MATERIAL SHOWN:
* * * * *

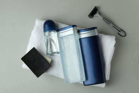 Concept of men's hygiene tools on light gray background
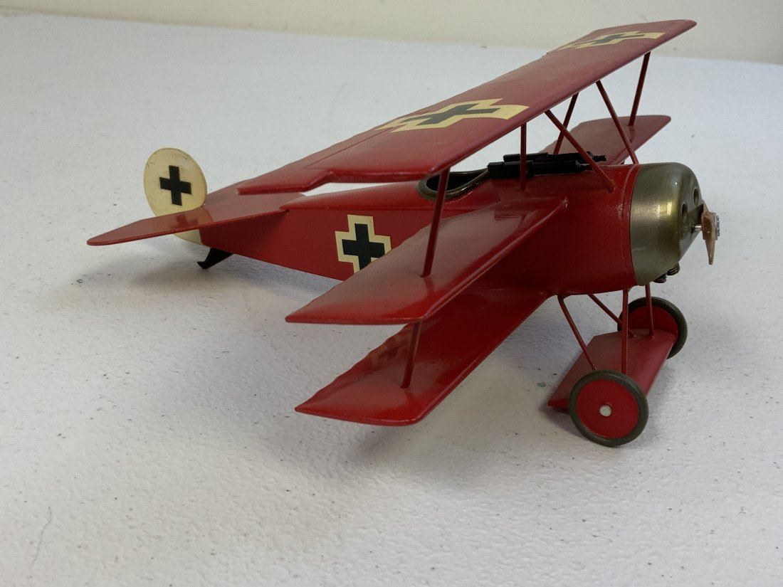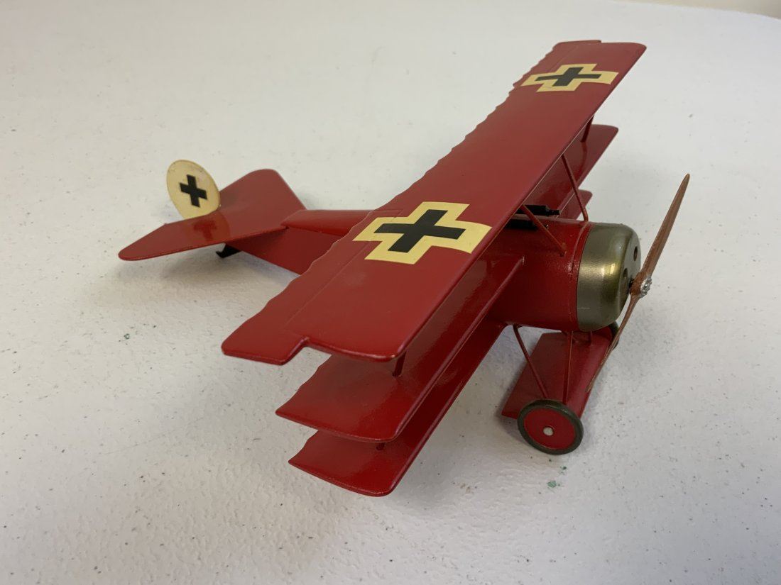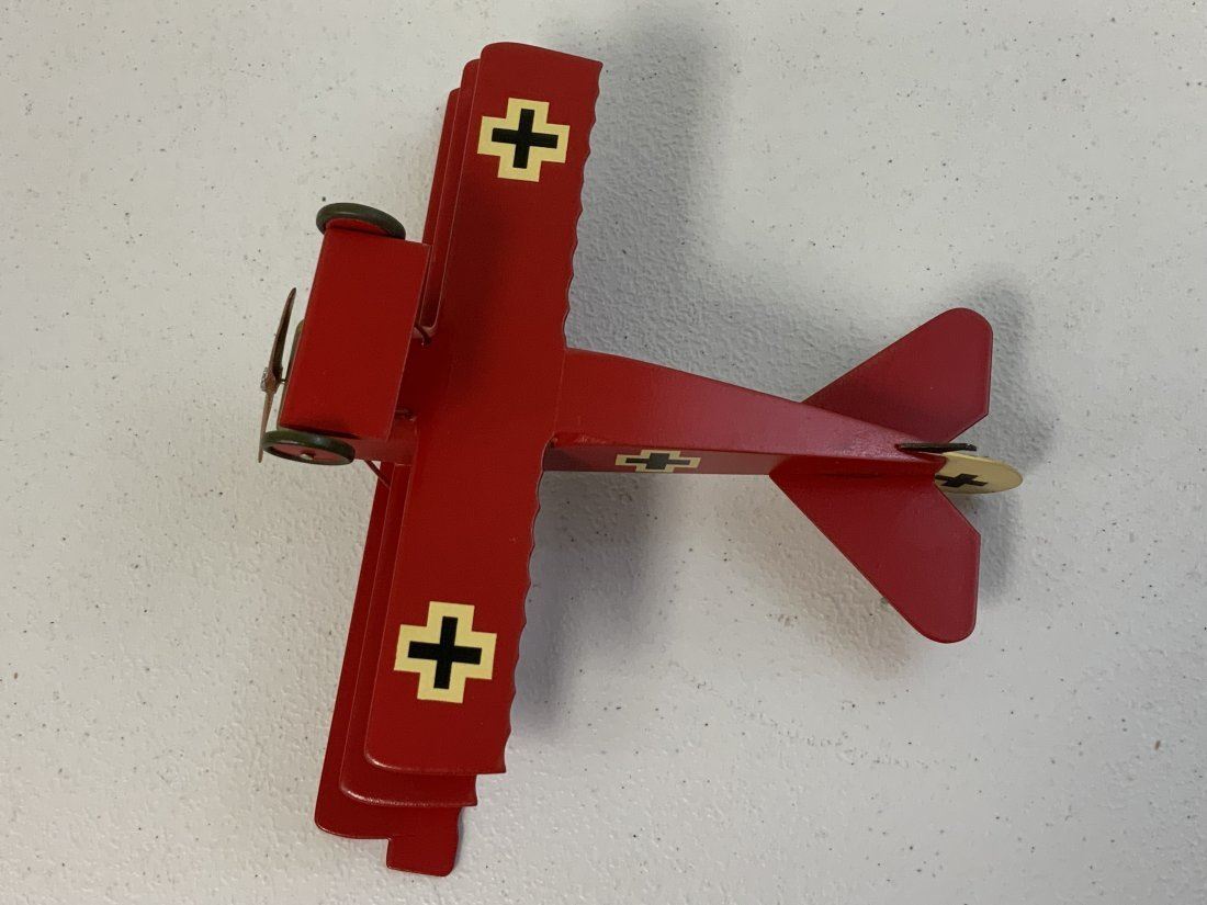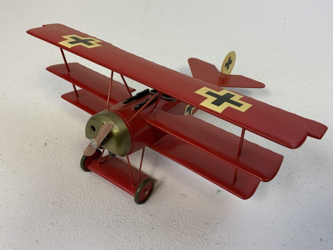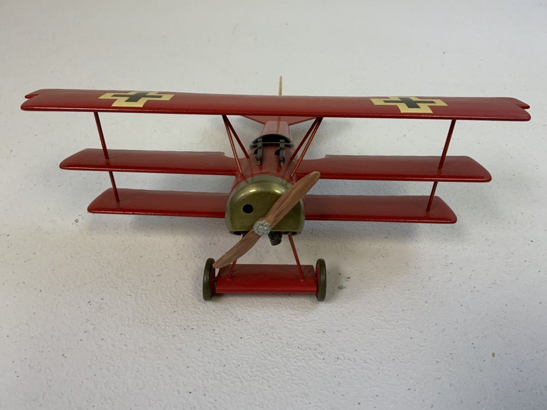 THE RED BARONS FOKKER DR.1. TRIPLANE DISPLAY MODEL . NICE WOODEN MODEL . 7" LONG WITH 9" WING SPAN AND ABOUT 4" HIGH. GREAT DISPLAY PIECE.
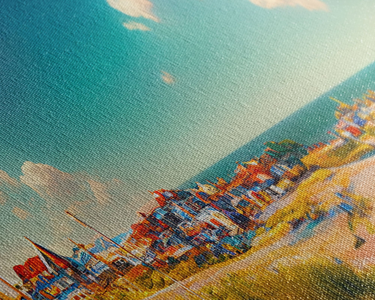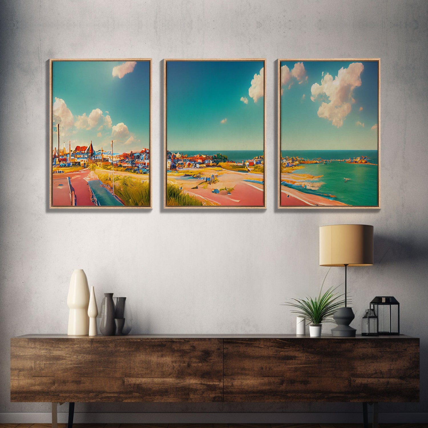 Italian Seaside Village, Cool Beach House Art, Lakehouse Wall Decor, 3 Piece Canvas Decor, 3 Piece Wall Art, Ready To Hang Canvas Prints
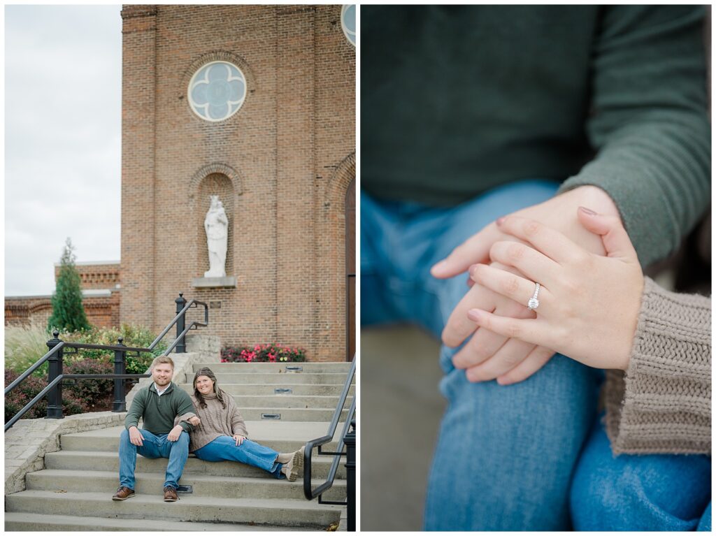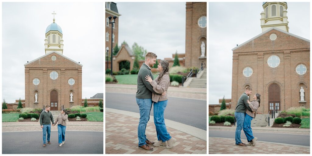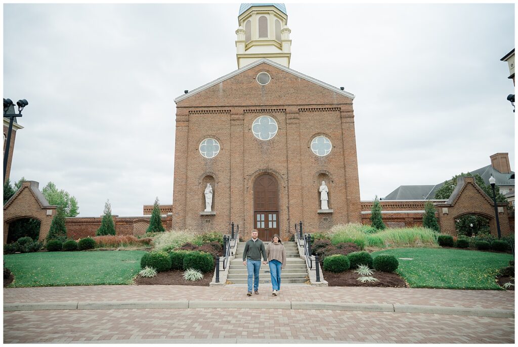Mary and Owen’s engagement session was the perfect mix of sentimental locations, cozy fall tones, and heartfelt moments. I absolutely love it when couples choose locations that mean something to them, and starting their engagement session at the University of Dayton made this one extra special.
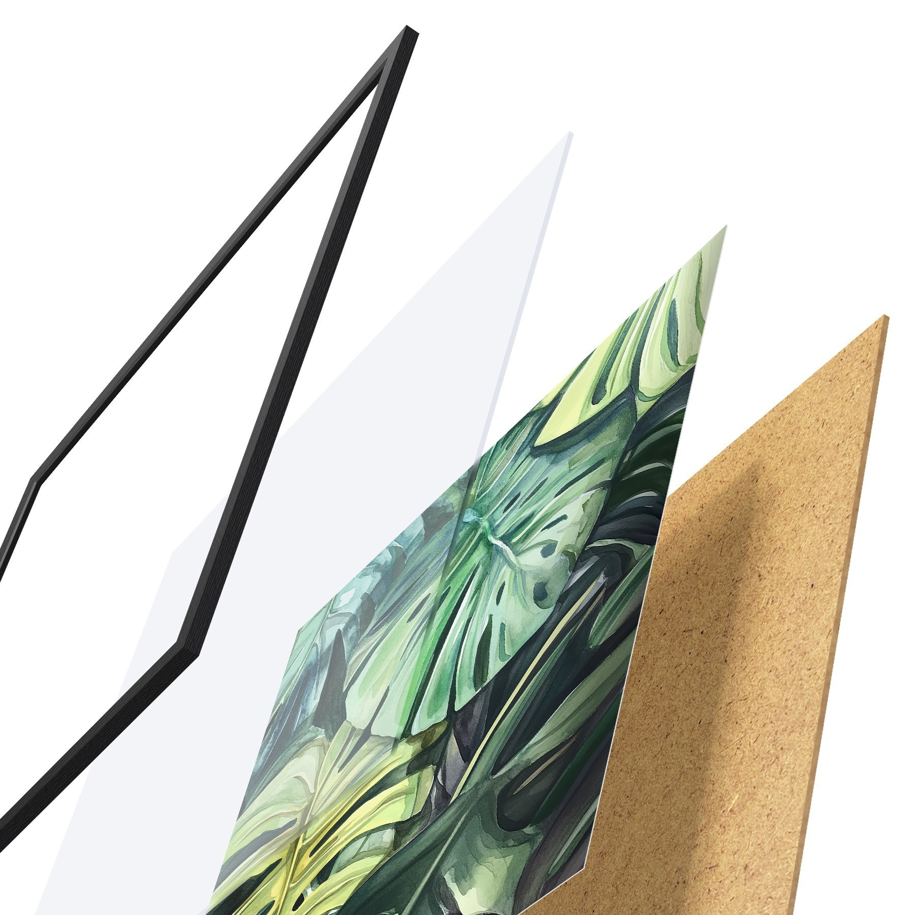 Il poster è composto da cornice, plexiglass, immagine stampata e supporto in truciolato. Il poster può essere immediatamente appeso alla parete grazie ai supporti sul retro.
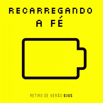 An animated battery icon charging on a yellow background, with the text 'Recarregando a Fé' (Recharging Faith) and 'Retiro de Verão GJUS' (GJUS Summer Retreat).
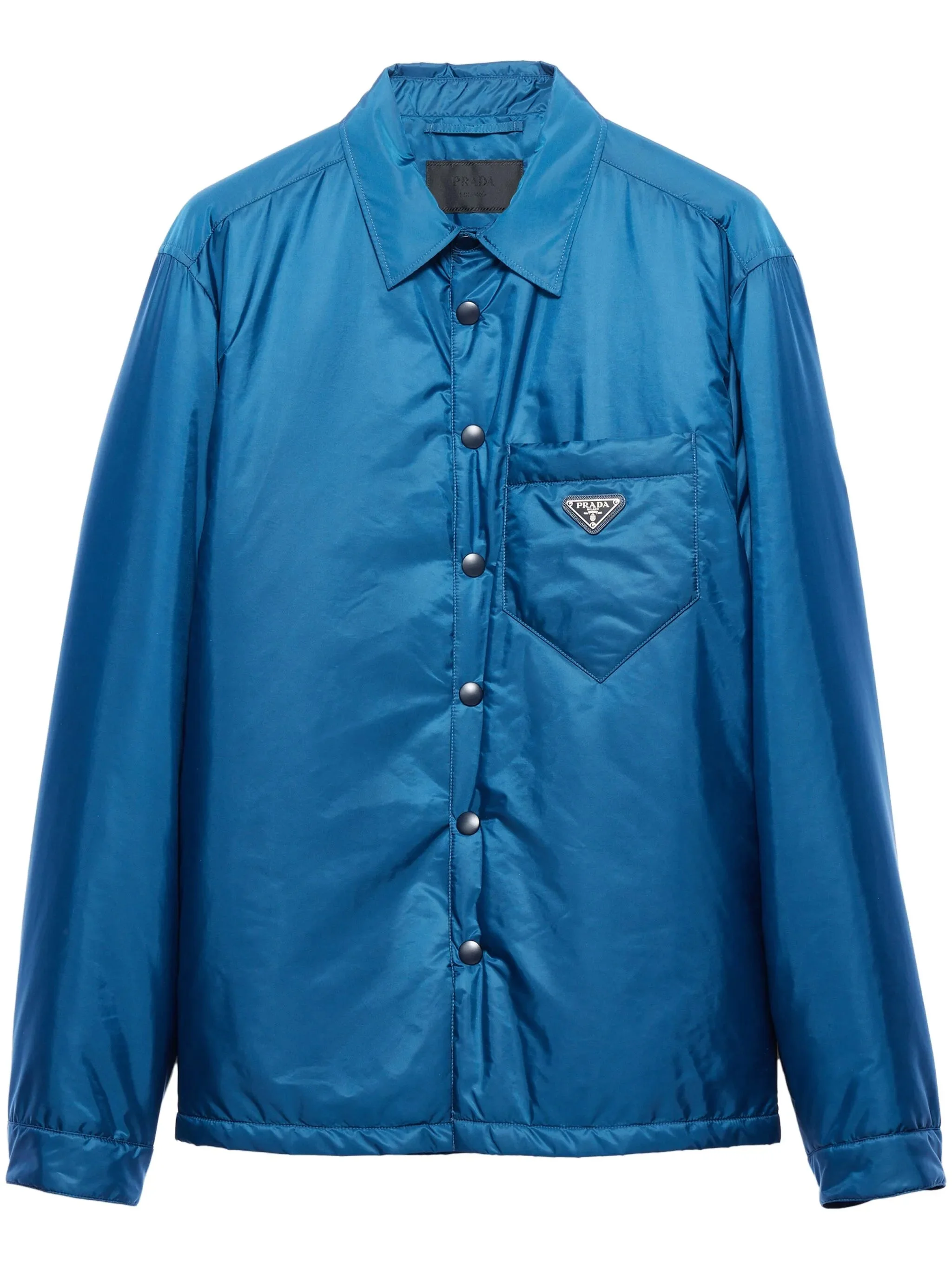 - royal blue - recycled nylon - padded design - front press-stud fastening - classic collar - long sleeves - press-stud fastening cuffs - enamel triangle logo - chest patch pocket - short side slits - full lining - straight hem Materials & Product Care Lining: Polyester 45%, Recycled Polyamide 100%, Recycled Polyester 55% Outer: Calf Leather 100%, Recycled Polyamide 100% Size & Fit - Designed for a regular fit, allowing for a comfortably loose fit throughout the body - Made from a padded non-stretch fabric, giving it no natural elasticity
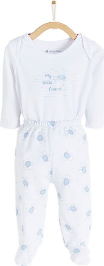 Adorable 2-piece printed set for baby, including a bodysuit and long footless pants. Made from soft cotton for gentle skin contact. Perfect for everyday wear. Softest quality for baby's skin. Bodysuit with snap buttons for easy diaper changes. Pants with cute blue turtle print.

* * * * *

INSTRUCTIONS TO FOLLOW:
Could you copy every record exactly, without the pictures?

ANSWER BELOW:
 Concept of men's hygiene tools on light gray background
 THE RED BARONS FOKKER DR.1. TRIPLANE DISPLAY MODEL . NICE WOODEN MODEL . 7" LONG WITH 9" WING SPAN AND ABOUT 4" HIGH. GREAT DISPLAY PIECE.
 Italian Seaside Village, Cool Beach House Art, Lakehouse Wall Decor, 3 Piece Canvas Decor, 3 Piece Wall Art, Ready To Hang Canvas Prints
Mary and Owen’s engagement session was the perfect mix of sentimental locations, cozy fall tones, and heartfelt moments. I absolutely love it when couples choose locations that mean something to them, and starting their engagement session at the University of Dayton made this one extra special.
 Il poster è composto da cornice, plexiglass, immagine stampata e supporto in truciolato. Il poster può essere immediatamente appeso alla parete grazie ai supporti sul retro.
 An animated battery icon charging on a yellow background, with the text 'Recarregando a Fé' (Recharging Faith) and 'Retiro de Verão GJUS' (GJUS Summer Retreat).
 - royal blue - recycled nylon - padded design - front press-stud fastening - classic collar - long sleeves - press-stud fastening cuffs - enamel triangle logo - chest patch pocket - short side slits - full lining - straight hem Materials & Product Care Lining: Polyester 45%, Recycled Polyamide 100%, Recycled Polyester 55% Outer: Calf Leather 100%, Recycled Polyamide 100% Size & Fit - Designed for a regular fit, allowing for a comfortably loose fit throughout the body - Made from a padded non-stretch fabric, giving it no natural elasticity
 Adorable 2-piece printed set for baby, including a bodysuit and long footless pants. Made from soft cotton for gentle skin contact. Perfect for everyday wear. Softest quality for baby's skin. Bodysuit with snap buttons for easy diaper changes. Pants with cute blue turtle print.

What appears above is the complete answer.